By SOPHIE DOUEZ Sunday 12 March 2000

Australia is ill-prepared to deal with the threat of transnational computer crime in the new millennium, according to the former head of the National Crime Authority, Mr John Broome.

http://www.theage.com.au/news/20000312/A3272-2000Mar11.html

Speaking to delegates at the Australian Institute of Criminology conference on transnational crime, Mr Broome said the most significant threat to Australia was posed by the sheer size and speed with which electronic commerce was developing, coupled with an inadequate legislative framework.

"We have legislation that is totally inadequate and doesn't in fact provide any legal regime at a federal level," he said.

Electronic commerce is worth about $40 billion a year to the Australian economy - about 10 per cent of gross domestic product. Mr Broome said although Britain had enacted legislation to deal with computer crime in 1990, the Australian Government had only last month released a discussion paper recommending Australia enact similar legislation.

He said entrenched distrust between state and federal governments would continue to hamper efforts to legislate against computer crime.
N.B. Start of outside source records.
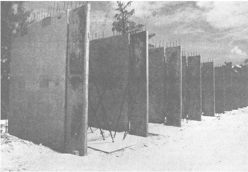 Figure 7-18.-Precast panels in position. are called PURLINS. The cross sections of these beams are shaped like a T or an I. The ones with the inverted T-sections are usually used in composite construction where they support cast-in- place floor or roof slabs. BEAMS and GIRDERS are terms usually applied to the same members, but the one with the longer span should be referred to as the girder. Beams and girders may be conventional precast design or prestressed. Most of the beams will be I-shaped unless the ends are rectangular. The T-shaped ones can also be used. Precast concrete COLUMNS may be solid or hollow. If the hollow type is desired, heavy card-board tubing should be used to form the core. A looped rod is cast in the column footing and projects upward into the hollow core to help hold the column upright. An opening should be left in the side of the column so that the column core can be filled with grout. This causes the looped rod to become embedded to form an anchor. The opening is dry packed. |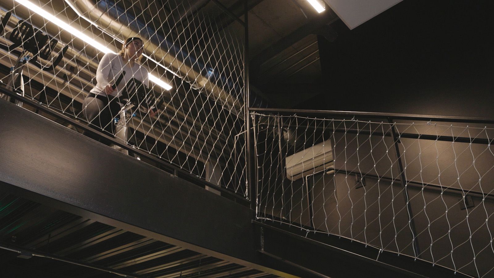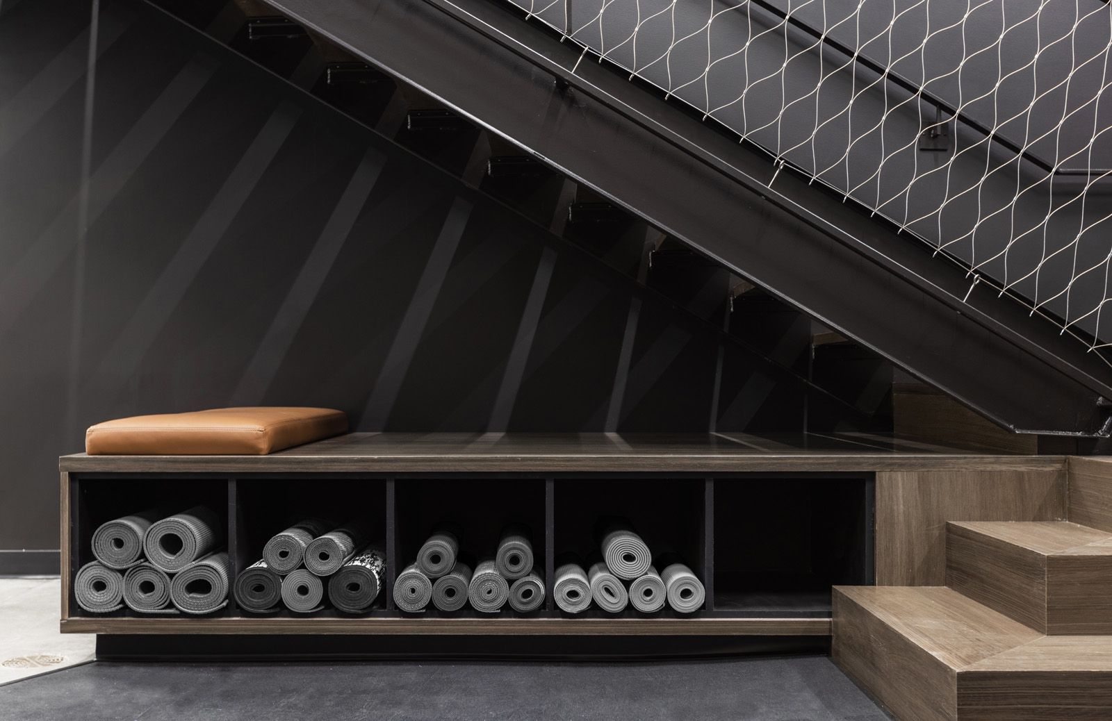 The ground floor of TheMorton Gym is a spacious and visually stunning environment that exudes industrial charm. The open layout creates a sense of vastness, with exposed concrete floors and exposed ductwork adding a touch of raw beauty. To allow for light and air to flow freely throughout the gym, visually striking slatted stairs lead guests between the two levels. Underneath the stairs, we were able to create storage for exercise mats and a seating area with a custom leather cushion that brings together the surrounding materials in a seamless and skillful way.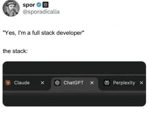 arrow-up189arrow-down1imageFull Stack Developmentlemmy.ml☆ Yσɠƚԋσʂ ☆@lemmy.ml to Programmer Humor@lemmy.mlEnglish · 9 months agomessage-square1fedilinkcross-posted to: [email protected]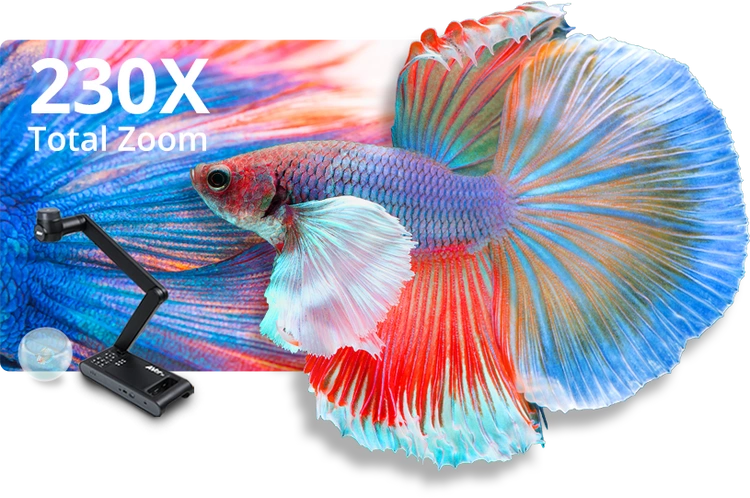 Dzięki 230-krotnemu zbliżeniu, wizualizer M70W pozwala na precyzyjne pokazanie nawet najdrobniejszych szczegółów, co jest idealne do prezentacji zarówno dokumentów, jak i trójwymiarowych obiektów.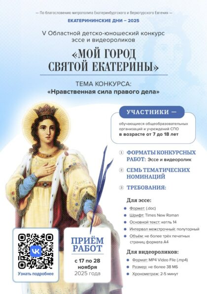 Напомним, организаторами V Областного детско-юношеского конкурса эссе и видеороликов «Мой город святой Екатерины» выступают Екатеринбургская епархия, Екатеринбургское отделение ВРНС при поддержке регионального Министерства образования и Департамента образования Администрации города Екатеринбурга, а также региональных СМИ и сообщества «Город святой Екатерины» в социальной сети «ВКонтакте».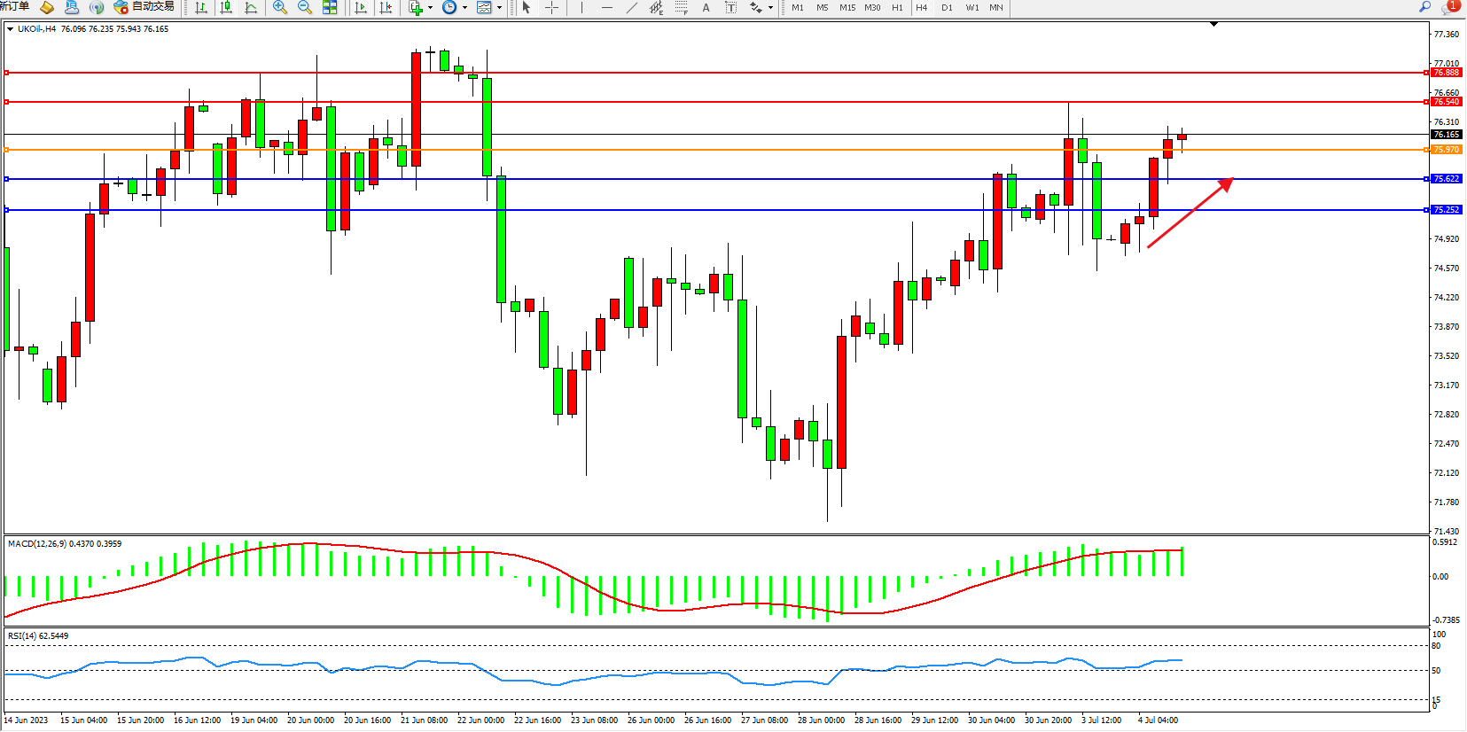布油维持76.165附近震荡,沙特与俄罗斯相继宣布继续减产,为生产商提供了更为乐观的前景。除了现货价格再次上涨外,期货价格也出现看涨迹象,布油最近价差周一收于约一个月来的最高水平,表明市场预期供应将趋紧。

Mr Broome said that unless there was a massive improvement in the pace at which both international and domestic arrangements were advanced, there was little hope that Australia would be equipped to deal with computer crime.

"Around the globe, we've had 50 years of genocide, war crimes, crimes against humanity and we still haven't got an international criminal court," he said.

"This is about as big as it gets in terms of the economy ... if we were really serious we would see these things as major issues for our economy."

Mr Broome said it would require minimal resources to establish a sensible regulatory regime that did not impose upon the commercial possibilities of electronic commerce, but which provided the business community with a framework in which Internet crime could be investigated.